O con un atraso importante con respecto al trabajo sexual, o a la pornografía…

Personalmente no tengo objeciones morales con respecto a la pornografía, del mismo modo que creo que el trabajo sexual es trabajo. Me gustaría que la pornografía tuviera mejores tramas, fuera más experimental. También me gustaría que la gente que trabaja en esa industria tuviera las mismas condiciones laborales que cualquier otro trabajador o trabajadora: protección legal, seguro médico, vacaciones, etc.
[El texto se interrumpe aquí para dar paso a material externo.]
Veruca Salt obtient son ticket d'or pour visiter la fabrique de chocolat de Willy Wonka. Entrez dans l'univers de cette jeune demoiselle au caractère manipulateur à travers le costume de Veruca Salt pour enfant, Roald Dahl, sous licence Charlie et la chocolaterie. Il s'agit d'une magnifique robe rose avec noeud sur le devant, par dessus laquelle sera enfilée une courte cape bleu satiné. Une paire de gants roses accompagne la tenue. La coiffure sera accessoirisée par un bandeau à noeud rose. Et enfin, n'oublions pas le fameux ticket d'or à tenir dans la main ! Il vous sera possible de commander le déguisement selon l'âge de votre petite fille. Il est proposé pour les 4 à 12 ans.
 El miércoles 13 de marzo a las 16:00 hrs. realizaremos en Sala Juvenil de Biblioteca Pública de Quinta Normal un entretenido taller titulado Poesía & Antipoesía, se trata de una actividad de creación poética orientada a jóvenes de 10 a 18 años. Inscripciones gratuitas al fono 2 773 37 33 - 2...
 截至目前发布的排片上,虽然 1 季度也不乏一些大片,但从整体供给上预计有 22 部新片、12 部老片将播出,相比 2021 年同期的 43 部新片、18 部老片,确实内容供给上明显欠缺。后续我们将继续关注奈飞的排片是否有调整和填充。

Me opongo a la pornografía en la medida en la que me opondría a una fábrica que explote a sus empleados.

¿En resumidas cuentas, nada hay absoluto o a priori?
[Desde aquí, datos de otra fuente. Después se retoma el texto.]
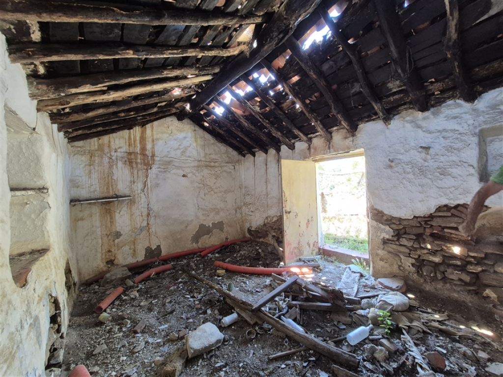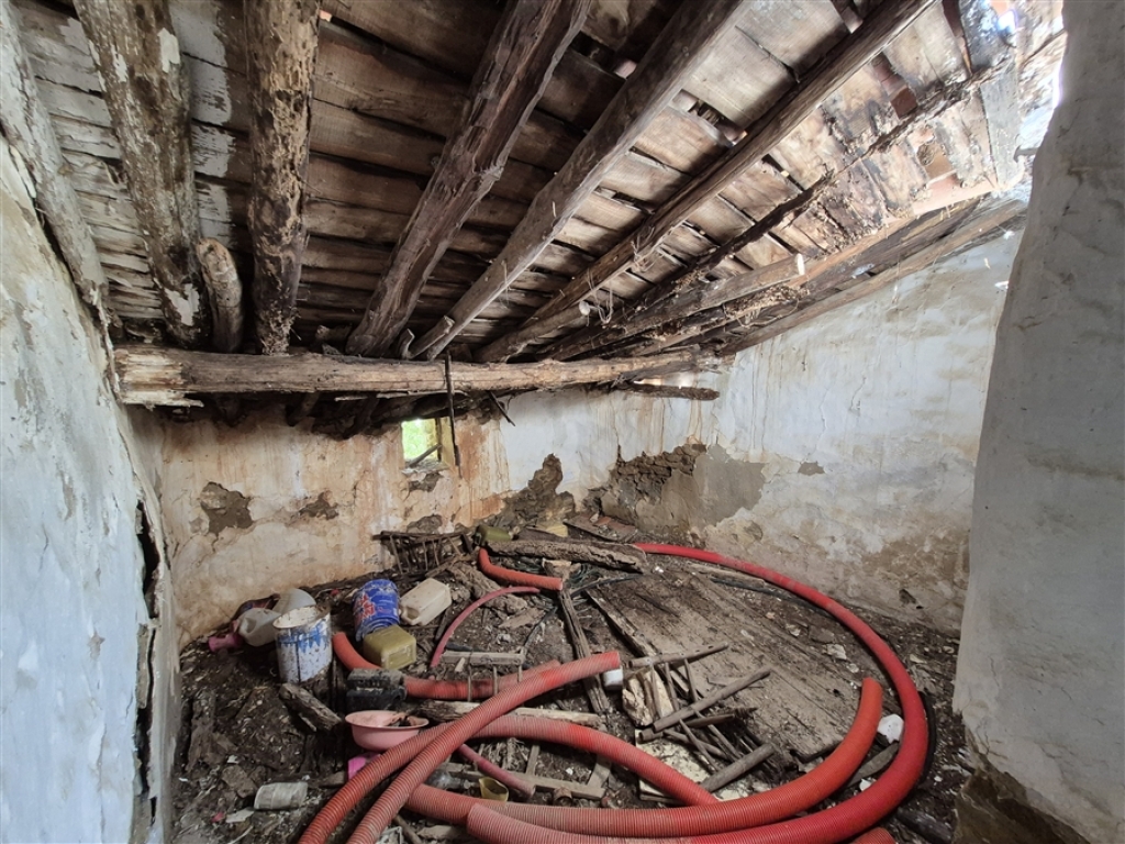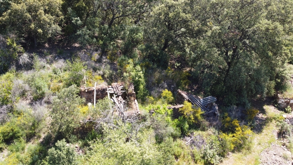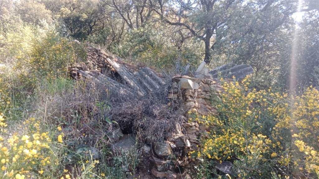En la propiedad se encuentra una casa antigua de unos 70 m², bastante deteriorada, así como dos ruinas de piedra correspondientes a antiguos corrales para animales, que en total suman unos 40 m².

El derecho a vivir es un derecho absoluto, nadie vivo tiene más derecho a vivir que otra persona viviente. Puede haber todo tipo de dinámicas y desequilibrios, pero el derecho a vivir es la única precondición que reconozco. Lo pienso en el sentido de Theodore Adorno, que no manejaba principios absolutos, y cuya pregunta es cómo vivir responsablemente en este mal mundo, y me parece que eso no se puede contestar sin estar críticamente involucrada. O el duelo, que es también una precondición de la vida, de todas las vidas humanas. Es decir, una re-elaboración del derecho a tener derechos de Hanna Arendt, el derecho a pertenecer a la humanidad, pero en el sentido de ejercer un derecho que no ha sido otorgado, como en el caso del canto de los inmigrantes ilegales de 2006, que también sirva para pensar por fuera y mas allá de un rebrote de patriotismo nacionalista.
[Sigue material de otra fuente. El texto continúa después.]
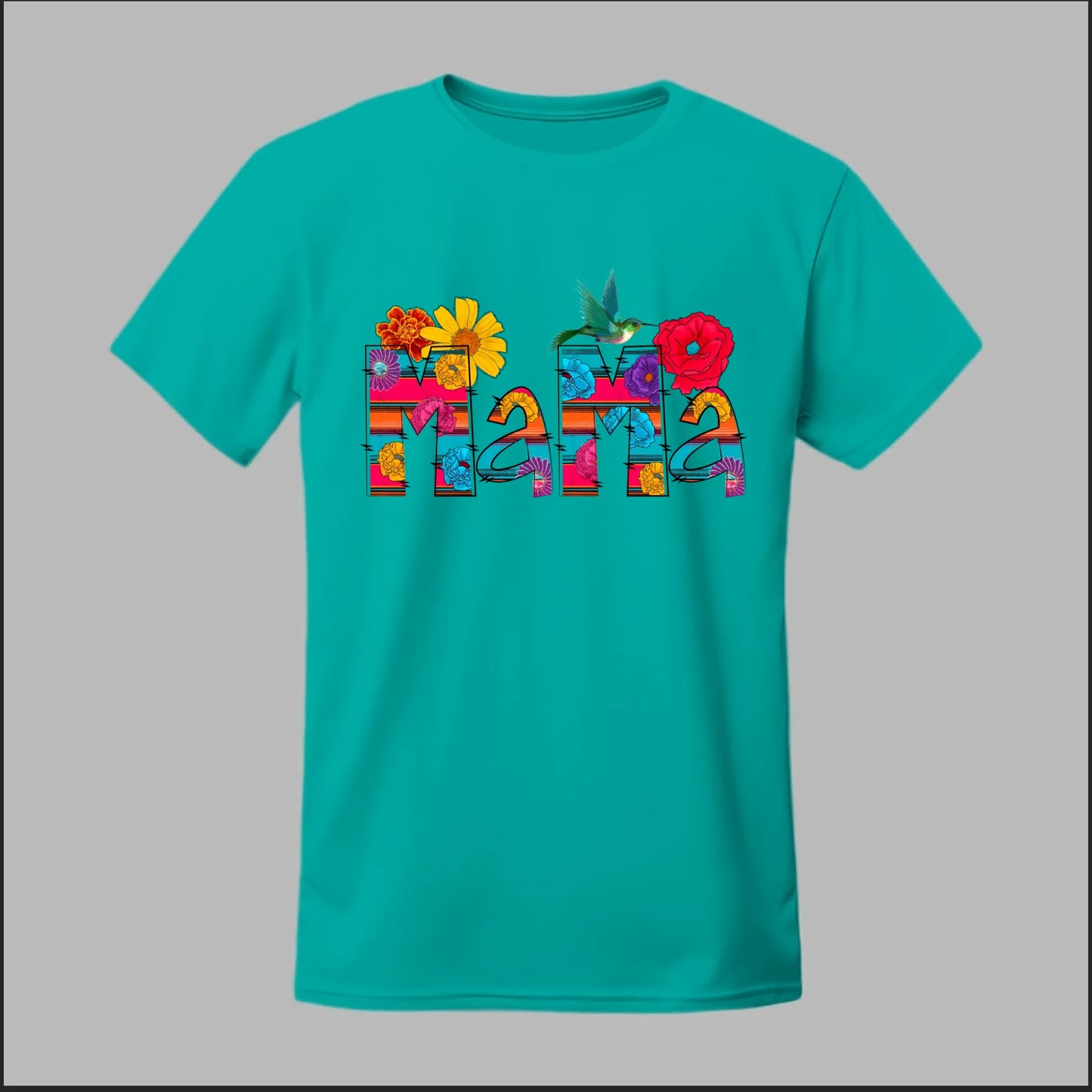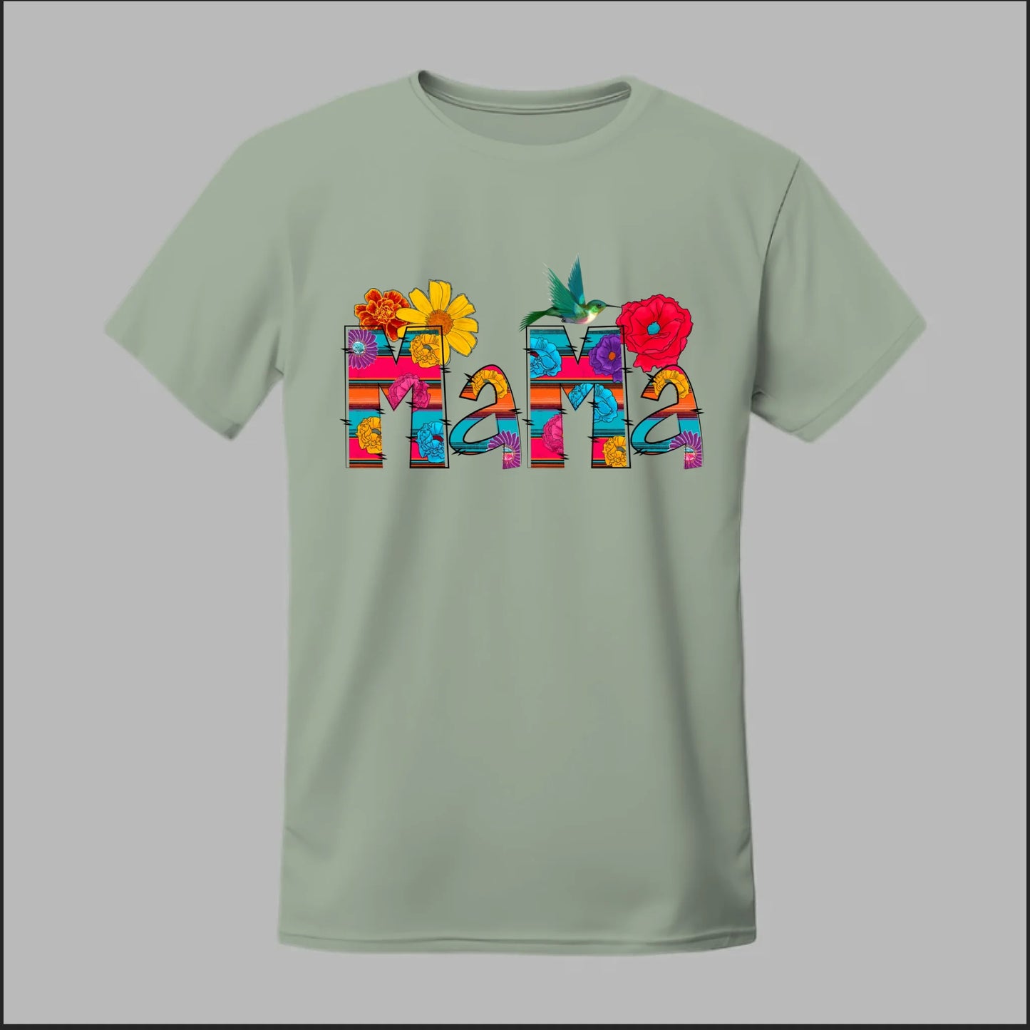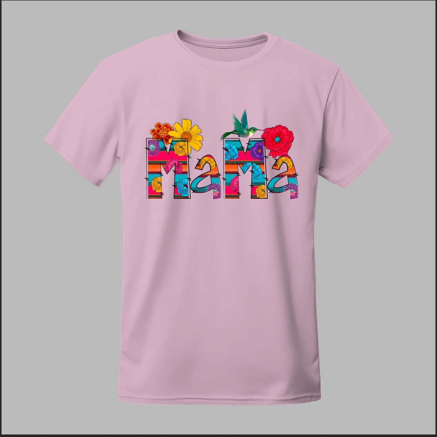Celebrate the beauty of motherhood with our Vibrant Floral Serape Mama Tee. Bold and colorful, this design features the word Mama filled with a lively serape print, adorned with blooming flowers and a hummingbird for an extra touch of joy and life. Perfect for proud moms who love vibrant, eye-catching style, this tee pairs effortlessly with jeans, skirts, or leggings for everyday wear.

De todas las respuestas que Butler ofreció a los y las estudiantes que a empellones se abrieron paso para estar cerca del “ídolo”, hay una acerca de la aplicación de la teoría que pinta a Butler de cuerpo entero como la filósofa de la libertad más importante después de Hannah Arendt y que responde contundentemente a las críticas que algunas de sus compatriotas, como Nancy Fraser o Seyla Benhabib, le han hecho: “La teoría no es para aplicar porque no es un set abstracto de prescripciones sino una forma de articular posibilidades, con una posición histórica. No te dice qué hacer, sino que trata de abrir posibilidades para hacer cosas y en un mundo que cierra es importante abrir. La teoría siempre es insuficiente, debe ser retomada y ser usada en diferentes contextos y convertirse en otra cosa. Escribo desde una perspectiva histórica específica, pero cuando la teoría deja su contexto de producción y va a otro contexto de análisis y sus debilidades se vuelven visibles y fortalezas inusitadas hacen su aparición, realmente siento que fue exitosa, y por eso sostengo la intención autorial no es importante. Lo que importa es cuando pasa algo con la teoría que nunca me hubiera esperado. Entonces yo recibo a cambio un regalo”.